Executive-produced by Martin Scorsese and with a surprisingly starry cast, this, the comic tale of struggling, wannabe playwright Jake (Stoltz), looks good on paper, but in reality proves a dramatic disappointment. Symptomatic of a whole slew of recent American independent features, Dan Algrant's debut mistakes introspective for interesting and wastes some galactic acting talent on routine rites-of-passage whimsically told at a fairly tedious tempo.
Packed off to school after his philandering father flees the nest, Jake makes some Freudian first stabs at drama as he embarks on an uneasy journey towards maturity. Along this rather schematic journey he encounters kooky romance with Joanne (Parker), infidelity with Dana (Kathleen Turner), leading lady in his off-Broadway debut, and professional reality in the shape of theatrical producer Carl Fisher.

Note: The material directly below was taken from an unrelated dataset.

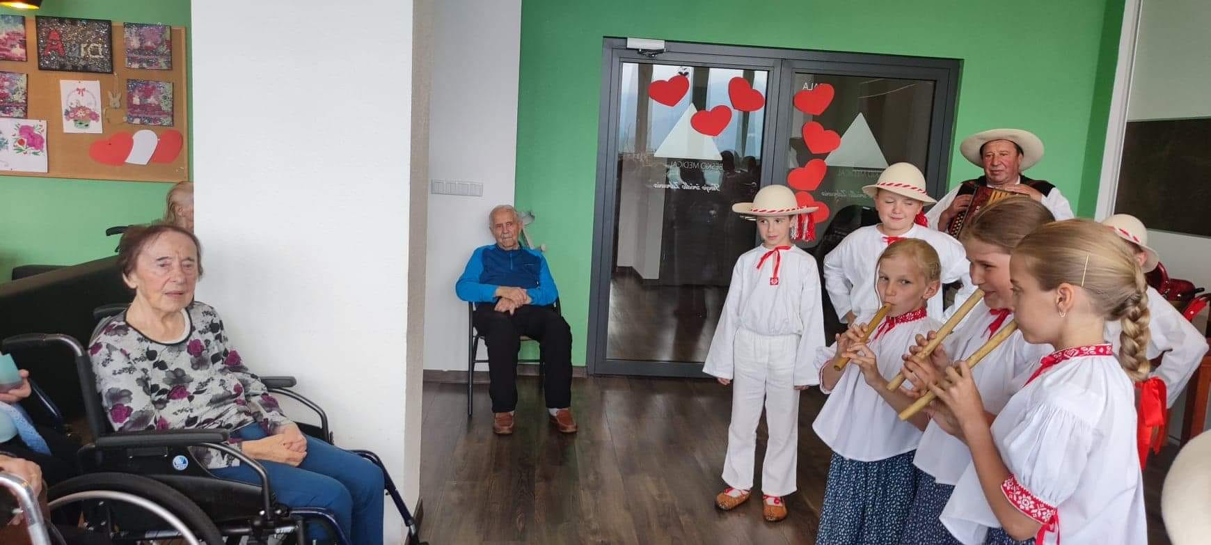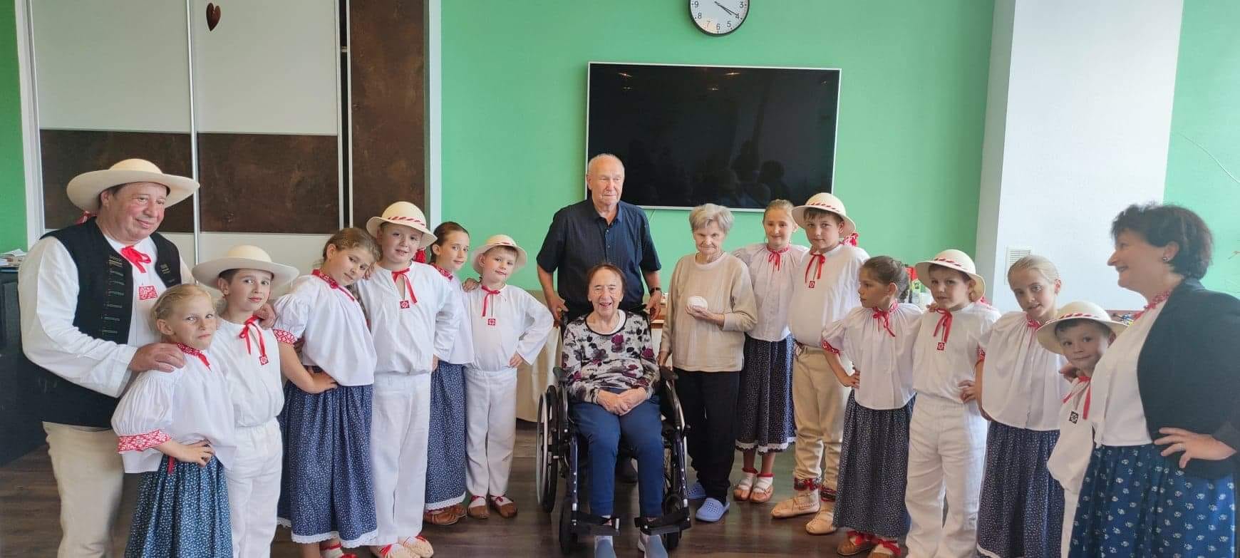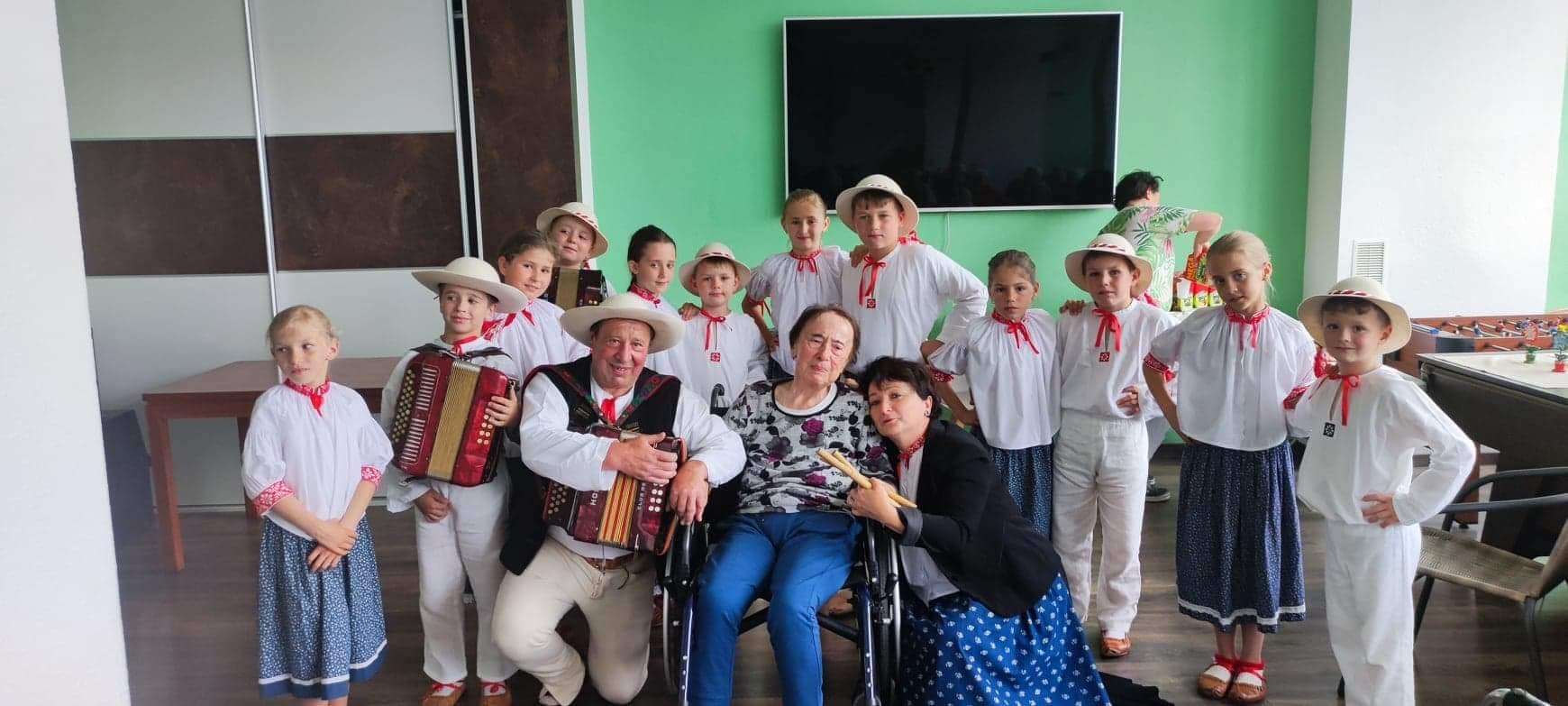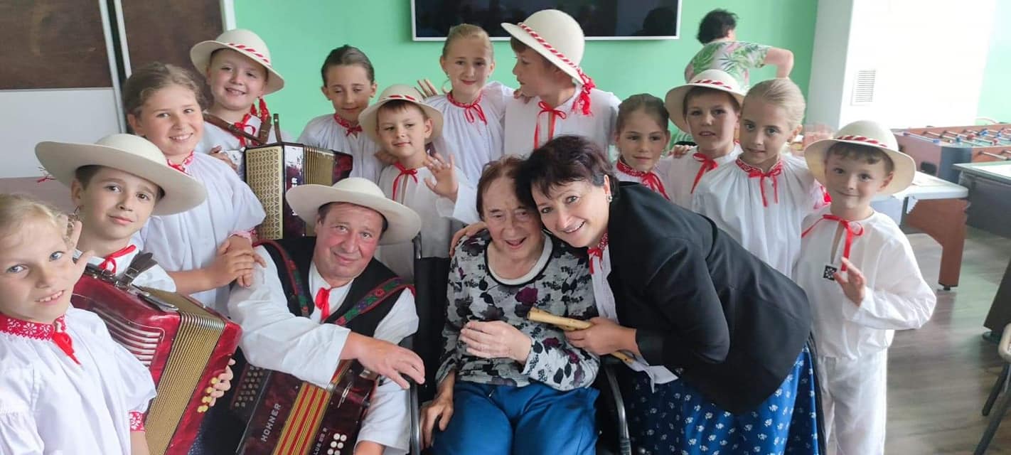 W ośrodku tym obecnie gości rownież Maria Chmiel, wieloletnia kierownik Dziecięcego Zespołu Regionalnego "Mały Koniaków" oraz założycielka i dyrektor Ognisla Pracy Pozaszkolnej w Koniakowie. Dziś kolejne pokolenie zespolokow prowadzone przez ówczesna członkinię zespołu Pani Chmiel odwiedziło Dom Seniora by umilic jego mieszkańcom czas i podziękować Pani Marii za te lata pielęgnowania tradycji

Superficial in both tone and content, the film's main strength is, aptly enough, its party scenes, crammed with literary and entertainment figures aplenty (Richard Price, Quentin Crisp, Eric Bogosian). The star-spotting appeal of these scenes spills over into the rest of the film as Griffin Dunne cameos amusingly at an audition and Whoopi Goldberg makes an appearance, inexplicably, as a stone comedy mask. Such diversions do not, however, compensate for the script's considerable longeurs, nor the movie's slack-jawed philosophy.